На диване остались одни трусики. Теперь надо придумать как - как можно дольше смотреть на Марту в куртке и сапогах, хотя бы две лишних секунды?

- Можно, Госпожа? – спрашиваю и указываю пальцем на трусики.

- Что – можно?

- Надеть их тебе, Госпожа?

- Я вот даже не знаю, тебя сразу наказать или позже.

- Я просто подумал, - и осёкся, а трусики уже были у меня в руках, - нет, мне показалось… я хотел сказать… О, Госпожа, они так скорей хотят на тебя!

Я упал на колени и наклонился к ногам Марты, чтобы попытаться надеть на неё трусики, но мне в бедро «воткнули» каблук.
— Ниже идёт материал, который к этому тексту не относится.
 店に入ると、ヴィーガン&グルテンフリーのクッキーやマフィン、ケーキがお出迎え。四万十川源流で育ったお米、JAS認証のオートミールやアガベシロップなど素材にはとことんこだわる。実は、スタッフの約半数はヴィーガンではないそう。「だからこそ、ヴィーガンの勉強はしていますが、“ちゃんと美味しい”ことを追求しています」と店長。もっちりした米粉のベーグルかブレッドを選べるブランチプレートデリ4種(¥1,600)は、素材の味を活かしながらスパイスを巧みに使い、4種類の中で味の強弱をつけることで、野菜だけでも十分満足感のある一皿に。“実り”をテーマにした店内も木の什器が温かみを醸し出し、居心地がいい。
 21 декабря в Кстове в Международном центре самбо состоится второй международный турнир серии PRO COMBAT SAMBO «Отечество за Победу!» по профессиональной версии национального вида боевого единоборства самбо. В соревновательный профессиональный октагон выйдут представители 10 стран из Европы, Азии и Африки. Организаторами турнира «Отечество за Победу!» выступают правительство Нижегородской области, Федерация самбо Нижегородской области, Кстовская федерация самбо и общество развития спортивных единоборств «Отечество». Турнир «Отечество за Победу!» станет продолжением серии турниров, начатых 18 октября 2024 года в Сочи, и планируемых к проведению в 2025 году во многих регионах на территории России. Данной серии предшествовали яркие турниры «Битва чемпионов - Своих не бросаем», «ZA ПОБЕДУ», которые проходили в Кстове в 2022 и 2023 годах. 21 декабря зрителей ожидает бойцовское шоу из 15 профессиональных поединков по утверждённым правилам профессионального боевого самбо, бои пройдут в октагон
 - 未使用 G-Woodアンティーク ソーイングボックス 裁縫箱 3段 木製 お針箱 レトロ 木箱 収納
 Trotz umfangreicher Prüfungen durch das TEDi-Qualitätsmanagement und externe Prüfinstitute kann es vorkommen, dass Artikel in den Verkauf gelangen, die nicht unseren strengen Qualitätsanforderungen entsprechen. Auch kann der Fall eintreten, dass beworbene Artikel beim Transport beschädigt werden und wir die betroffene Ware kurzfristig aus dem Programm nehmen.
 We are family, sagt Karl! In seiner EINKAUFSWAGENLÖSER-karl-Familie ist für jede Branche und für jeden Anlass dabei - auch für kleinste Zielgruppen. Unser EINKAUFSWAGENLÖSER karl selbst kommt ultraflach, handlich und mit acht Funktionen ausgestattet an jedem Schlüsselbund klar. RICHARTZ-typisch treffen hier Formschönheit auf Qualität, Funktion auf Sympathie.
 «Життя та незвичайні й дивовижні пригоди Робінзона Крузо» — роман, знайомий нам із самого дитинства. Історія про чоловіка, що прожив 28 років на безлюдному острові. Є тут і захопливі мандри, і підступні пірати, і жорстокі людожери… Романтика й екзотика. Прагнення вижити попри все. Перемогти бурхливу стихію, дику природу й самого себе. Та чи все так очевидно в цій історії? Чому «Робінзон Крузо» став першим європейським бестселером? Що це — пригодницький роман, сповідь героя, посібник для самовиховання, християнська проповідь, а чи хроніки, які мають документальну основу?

Появилась боль, чуть меньше, чем если бы мне в это место стали ввинчивать шуруп. Я подумал, что смогу стойко перенести давление каблука, пока Марта не насладится моментом, но мне на помощь пришло то, что я мало когда себе мог объяснить. Я спокойно смотрю на вдавленный каблуком участок джинсов, а про себя думаю: «Вот, сидит человек, а перед ним стоит другой и причиняет ему боль». Я думаю; мысли приобретают аналитический характер - внимание сосредотачивается на этих мыслях, не поспевая «сгонять» к тем участкам мозга, которые сигнализируют о боли.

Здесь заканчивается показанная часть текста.